Beneath this instruction is a listing; print exactly the lines in it starting at the line that contains "З'ясовано, що у" and going through the line that contains "大会第二项学生代表发言。传播".

-- RECORDS SHOWN follows --

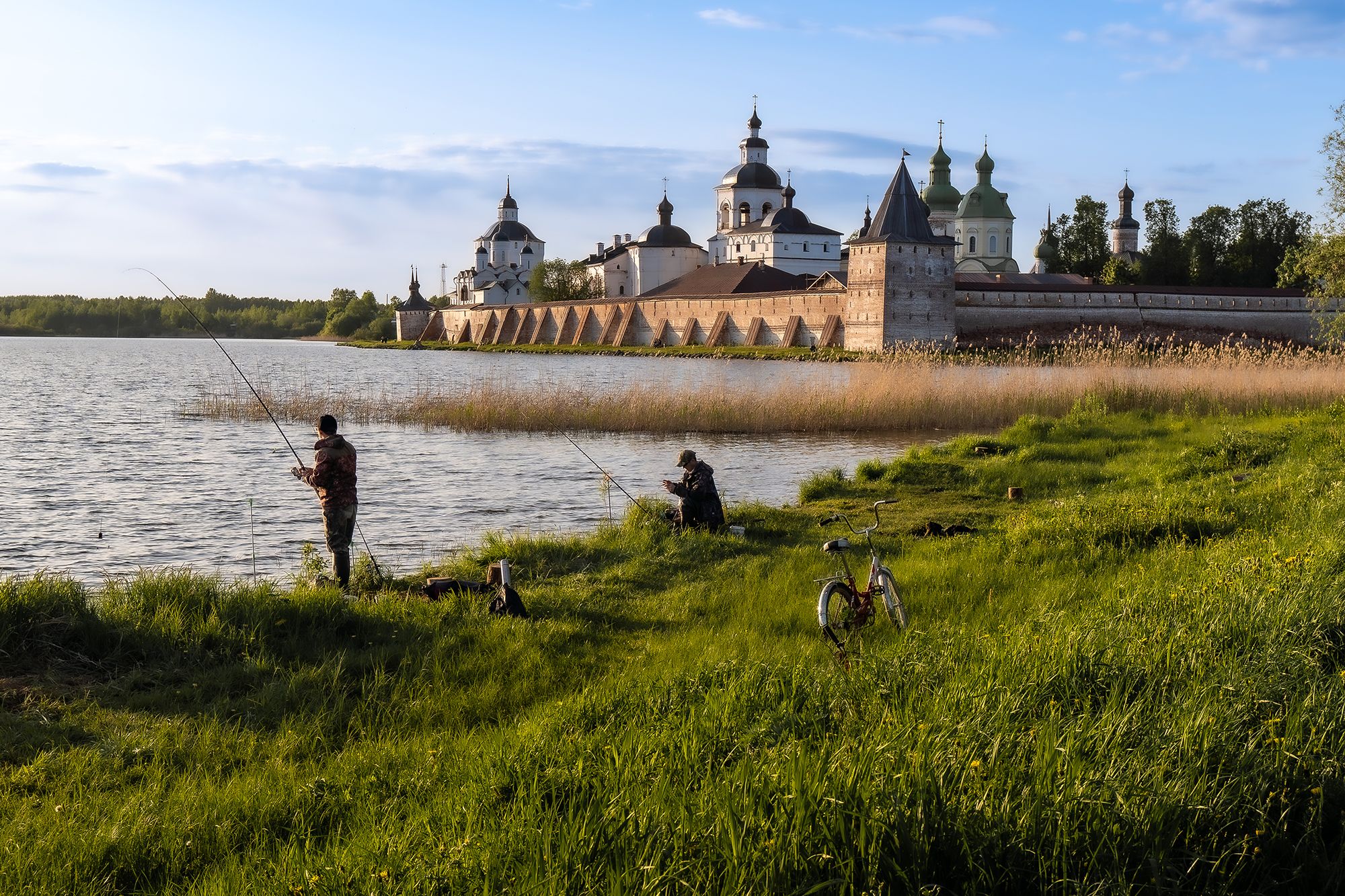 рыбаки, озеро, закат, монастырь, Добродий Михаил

-- RECORDS SHOWN concluded --
-- RECORDS SHOWN follows --

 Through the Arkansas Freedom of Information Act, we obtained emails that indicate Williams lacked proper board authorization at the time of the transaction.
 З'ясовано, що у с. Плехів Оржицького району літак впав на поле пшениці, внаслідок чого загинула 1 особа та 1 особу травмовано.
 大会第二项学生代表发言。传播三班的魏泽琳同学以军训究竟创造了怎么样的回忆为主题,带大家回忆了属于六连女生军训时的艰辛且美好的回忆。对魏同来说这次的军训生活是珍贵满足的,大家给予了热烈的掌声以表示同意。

-- RECORDS SHOWN concluded --
-- RECORDS SHOWN follows --

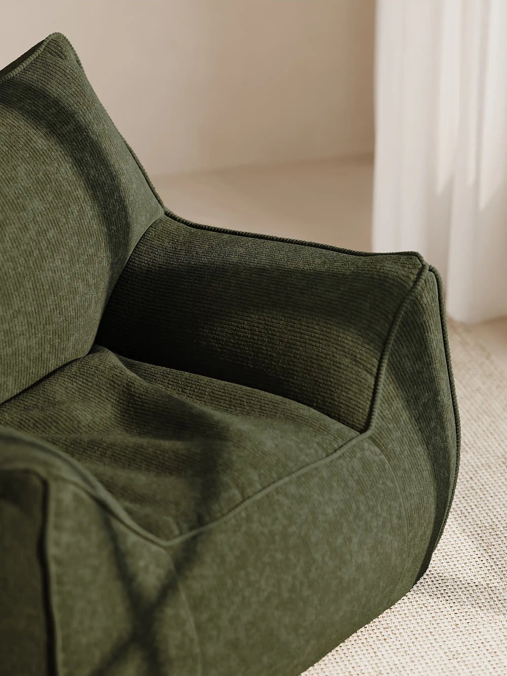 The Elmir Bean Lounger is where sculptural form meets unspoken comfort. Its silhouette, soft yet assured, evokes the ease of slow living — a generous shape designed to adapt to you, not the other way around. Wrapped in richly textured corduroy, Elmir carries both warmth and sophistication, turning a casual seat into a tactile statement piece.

-- RECORDS SHOWN concluded --

> _SOLUTION FOR THIS PROBLEM_:
 З'ясовано, що у с. Плехів Оржицького району літак впав на поле пшениці, внаслідок чого загинула 1 особа та 1 особу травмовано.
 大会第二项学生代表发言。传播三班的魏泽琳同学以军训究竟创造了怎么样的回忆为主题,带大家回忆了属于六连女生军训时的艰辛且美好的回忆。对魏同来说这次的军训生活是珍贵满足的,大家给予了热烈的掌声以表示同意。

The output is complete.